# homerecording die erste..



## shiver (3. Juli 2002)

hallo,
ich hoffe ich nerve niemanden,
und ich hoffe euch hängt die frage nicht zum hals raus.

ich bekam eben 2 mal einen 404-error auf die suchfunktion,
werde es aber nachher nochmal probieren.

sollte ich also ein fettnäpfchen erwischt haben, sprich, die frage wurde schon oft beantwortet, bitte nicht hauen 


also.. homerecording...

ich möchte gern mit cubase recorden, bin mir über den ablauf jedoch noch nicht ganz sicher.

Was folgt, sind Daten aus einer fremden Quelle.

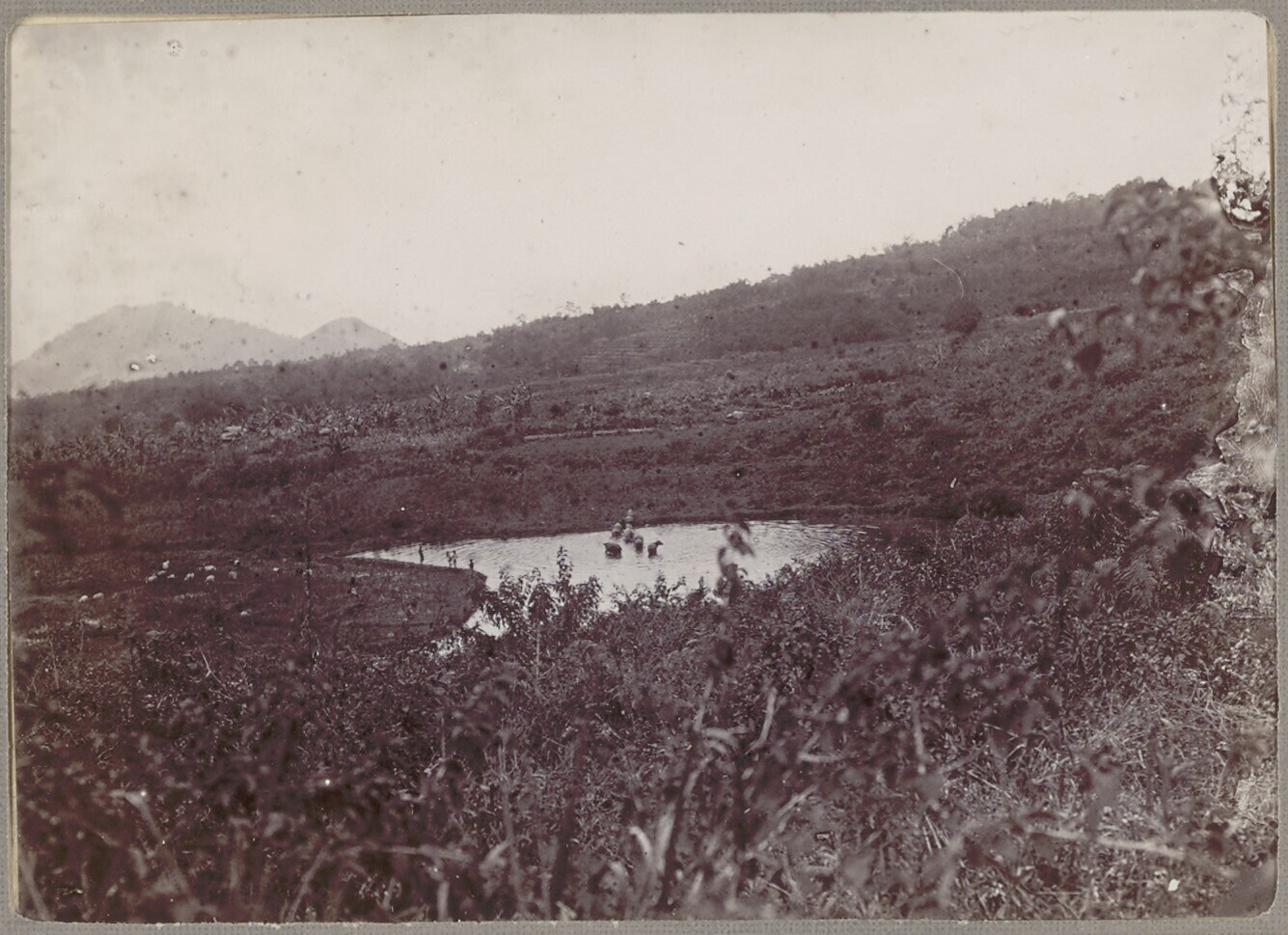 Landschap met kleine waterpartij en gebergte op de achtergrond

gitarren - wie am besten aufnehmen?
micro?
direkt in ne tretmühle und dann ins line in?
in wavelab aufnehmen, oder direkt in cubase recorden?

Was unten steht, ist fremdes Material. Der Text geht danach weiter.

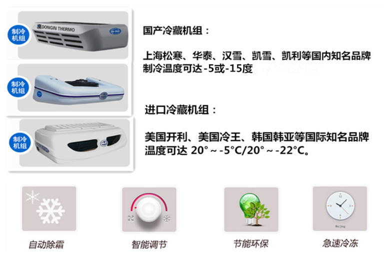 箱體采用三明治結(jié)構(gòu),內(nèi)外采用冷藏車專用玻璃鋼(可反射陽(yáng)光可選用不銹鋼),中間保溫層采用聚氨酯發(fā)泡隔熱材料,18米罐注一次成型,產(chǎn)品重量輕,漏熱率(導(dǎo)熱系數(shù))低,強(qiáng)度高,保溫效果好,廂體美觀大方扎實(shí)耐用。廂體厚度8CM.廂體全為不銹鋼鎖件,鋁合金包角,廂體可選裝通風(fēng)槽、開側(cè)門等。根據(jù)需要可選裝配國(guó)內(nèi)外知名制冷機(jī)組(溫度達(dá)到保鮮或冷凍要求),可根據(jù)您的需求進(jìn)行定制生產(chǎn)。

was muss man beachten, zwecks raum?
vorher mit stoff auskleiden zwecks schallbrechung an der wand?
oder, wie ich mal gelesen habe, gitarren am besten in einer "holzkiste" aufnehmen, die mit stoff ausgekleidet wurde, und den so "trockenen" sound besser nachbearbeiten?
nicht lachen, das hab ich echt mal in der guitar gelesen!

welche anforderungen werden an den rechner gestellt, wenn ich audio aufnehme?
ich habe zwar nur nen 800er, aber 896 mbram und ne grosse platte - wie viele spuren kann ich wiedergeben ohne aussetzer?

oder, hat jemand von euch damit erfahrung und kann mir ein paar geschichtlein erzählen? 

oder doch in den sauren apfel beissen und n studio übers wochenende mieten?
würe immerhin 600 mark kosten =/


und ja, ich weiss, man könnte diese infos alle kriegen über stundenlange recherche im internet - jedoch fände ich erfahrungsberichte von euch ganz nützlich. o

oder vielleicht hat ja jemand von euch gute links zu foren/sites zu diesem thema - hab schon gegooglet, leider nur schrott oder kiddie-warez-seiten gefunden, die sich mit fragen wie "was ist ein dongle" beschäftigen - no thanks =)


danke im vorraus


----------



## Vitalis (3. Juli 2002)

> und ja, ich weiss, man könnte diese infos alle kriegen über stundenlange recherche im internet ...


 Komm schon  Wenn deswegen niemand was fragen würde, dann wäre das Forum längst tot. Obwohl manchmal.....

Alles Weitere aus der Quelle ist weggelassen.